Dr. Ghassemlou authored several books, book-chapters and articles about politics and economics, and some of them have been translated into a number of different languages. His oft-cited work Kurdistan and the Kurds (1965) has been until present days consensually recognized as a valuable source, especially regarding the political geography of Kurdistan, the political history of the Kurds and traditional socio-economic relations in Kurdish society.

Besides being an acknowledged scholar and one of the greatest leaders of the Kurds, Dr. Ghassemlou’s excellent diplomatic skills earned him an international reputation, especially in Europe.

Those who knew and worked with him closely during his academic and political carrier, Kurds as well as Westerners, recall him as a man of quick wit and a person with a great sense of humour.

After several decades of political activity, and as the leader of the Kurdish people in Iranian Kurdistan, Dr. Ghassemlou was assassinated in Vienna by the agents of the Islamic Republic of Iran on July 13, 1989. Dr. Ghassemlou was in Austria to negotiate with Iranian representatives on Kurdish rights and self-government for Iranian Kurdistan.

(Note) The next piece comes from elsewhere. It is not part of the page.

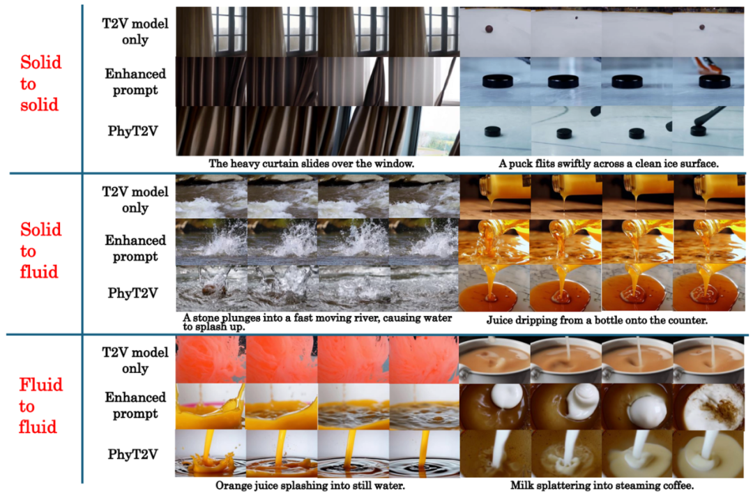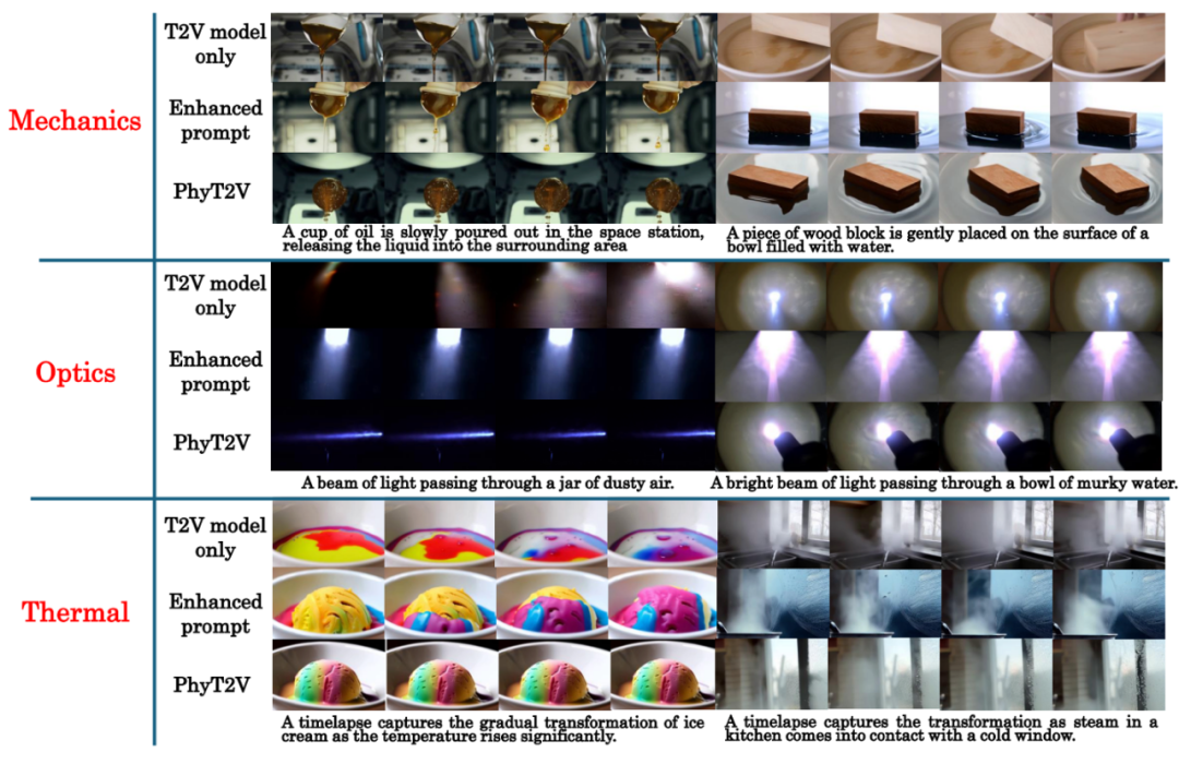 实验结果表明,PhyT2V 显著提高了生成的视频对文本提示本身以及现实世界物理规则的遵守程度。

Dr. Ghassemlou, a resolute advocate of the rights of his people and a determined leader who did not rule out guerrilla warfare, was also a man of peace and gave it a chance whenever possible. He went to the negotiating table in good faith. However, by assassinating the Kurdish leader, the Iranian regime lived up to the entrenched view among the Kurdish nation that it is not trustworthy, and that assassination is part and parcel of its political mindset and practice.